Maurice Girard, « Note sur la phrygane flavicorne », Bulletin d’Insectologie Agricole, Paris, mai, 1878, pp. 69-71.
Un de nos collègues a adressé au bureau de la Société un fourreau façonné avec de jeunes coquilles de Planorbes assemblées par des fils de soie et au sujet duquel il désire obtenir des explications. Ce fourreau, très résistant, oblong, un peu prismatique, était fermé à ses deux bouts par une coquille. On a ici affaire à un fourreau de Phryganiens ou Trichoptère, névroptères aquatiques à leurs premiers états. Les larves sont de vraies chenilles d’eau, ce que semble avoir reconnu Réaumur lorsqu’il les appelle teignes aquatiques. Elles se nourrissent de végétaux aquatiques ou de feuilles de végétaux des bords accidentellement tombées dans l’eau. Elles s’entourent de fourreaux soyeux dont le tissu est fortifié par une foule de substances variées, petites branches, débris de feuilles, coquilles entières ou en morceaux, sable, etc. de là leur nom de charrées, porte-sables, porte-bois, porte-feuilles, etc., et la science a adopté le vieux nom de Phrygane, donné par Belon à ces insectes, et qui signifie fagot, d’après l’aspect de beaucoup de ces fourreaux. La tête sort du fourreau ainsi que la partie antérieure des pattes thoraciques ; la larve est cramponnée au fond du fourreau par des crochets anaux, de sorte qu’on le brise, si on cherche à la retirer du fourreau par la tête. C’est ce que savent très bien les pêcheurs à la ligne, qui se servent très souvent de ces larves de Phryganes comme amorces. Ils ont soin de pousser la larve avec un petit bâton par le bout terminal du fourreau, afin de dégager les crochets qui la maintiennent, et on peut ainsi la faire sortir entière. Quand ces larves vont devenir nymphes, elles ferment les deux bouts du fourreau par diverses substances liées par des fils de soie, sortes de grilles arrêtant les insectes ennemis, mais laissant passer l’eau, dans laquelle vit la nymphe ainsi que larve, au moyen de branchies en houppes ou en filaments respirant l’oxygène de l’air dissous dans l’eau. Indifférence pour le cghoix des objets
L’espèce qui se sert le plus souvent de petites coquilles pour couvrir son fourreau soyeux est la Phrygane flavicorne ou à antennes jaunes, du genre actuel Limnophilus et du nom Limnophilus flavicornis, FABRICIUS. C’est à elle qu’appartint le fourreau soumis à notre examen. Souvent les mollusques des petites coquilles continuent de vivre. Réaumur connaissait très bien ces fourreaux couverts de coquilles, car il dit à ce sujet : « Ces sortes d’habits sont fort jolis ; mais ils sont aussi des plus singuliers. Un sauvage qui, au lieu d’être couvert de fourrures, le serait de rats musqués, de taupes ou autres animaux vivants, aurait un habillement bien extraordinaire : tel est en quelque sorte celui de nos larves »…./….
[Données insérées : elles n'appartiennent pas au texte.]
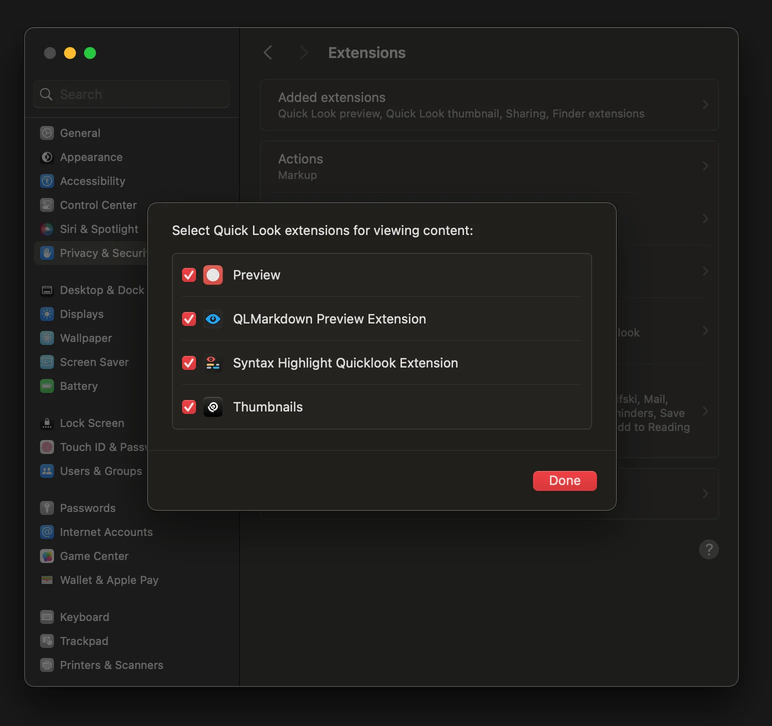 Did you know that quick look options can be extended? For example, the two apps I mentioned above show a better preview of markdown files or of code files, using syntax highlighting.

../.. Les fourreaux des larves de cette Phrygane présente la plus grande diversité de matériaux, ceux-ci placés plus ou moins transversalement : bois gros ou minces, mousses, pierres, feuilles, etc., et aussi des coquilles, souvent avec l’animal vivant, soit d’une seule espèce de Mollusques, Planorbes le plus souvent, plus rarement Limnées, Physes, Paludines, soit de plusieurs espèces mêlées. On trouve aussi attachés à la soie des fourreaux d’espèces plus petites de Phryganiens, encore munis de leurs habitants. On peut dire que les larves de la phrygane flavicorne ont en réalité la plus complète indifférence pour le choix des objets servant à construire les fourreaux, car on trouvera des étuis de toutes les matières à côté les uns des autres.